On Aug. 28, newly unsealed court filings suggested Holmes could seek to defend herself by alleging she suffered psychological, sexual and emotional abuse at the hands of former Theranos president and onetime boyfriend Ramesh “Sunny” Balwani, and that because of submissiveness to him, she believed allegedly fraudulent statements she made were true. 

This strategy was also foreshadowed in opening arguments in which Wade referred to Balwani’s temper and promised more related evidence would be presented during the trial. 

Lawyers for Balwani called abuse allegations “outrageous.” One of the filings, by lawyers for Holmes, said she was likely to testify.

We’ll soon see whether Holmes ultimately takes the stand to tell her side of things.
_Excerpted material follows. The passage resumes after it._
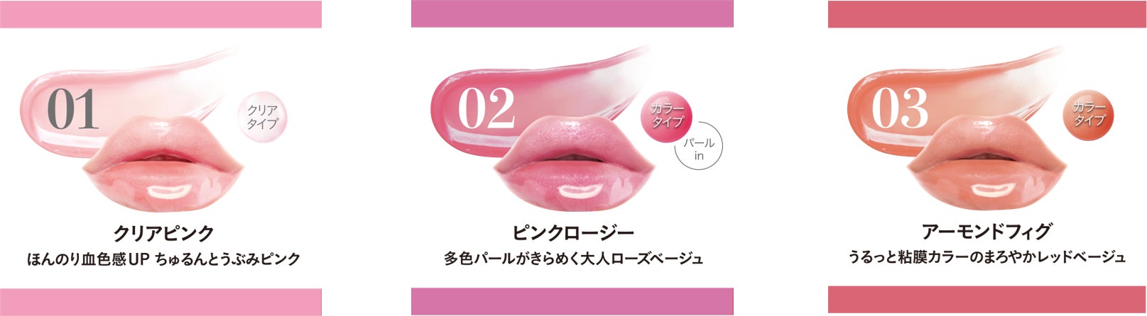 01 クリアピンク 02 ピンクロージー 03 アーモンドフィグ

How can I watch the trial?

The trial officially began Sept. 7, with opening arguments the following day. There isn’t an online feed of the trial, and television cameras aren’t allowed in the courtroom, so the best way to follow the case will be via reporters in the room taking notes the old-fashioned way.

In total, over 200 potential witnesses have been identified between the prosecution and the defense, so it’s possible testimony will go on for weeks. 

Balwani faces similar charges in a separate trial scheduled for next year.

Both Holmes and Balwani have pleaded not guilty.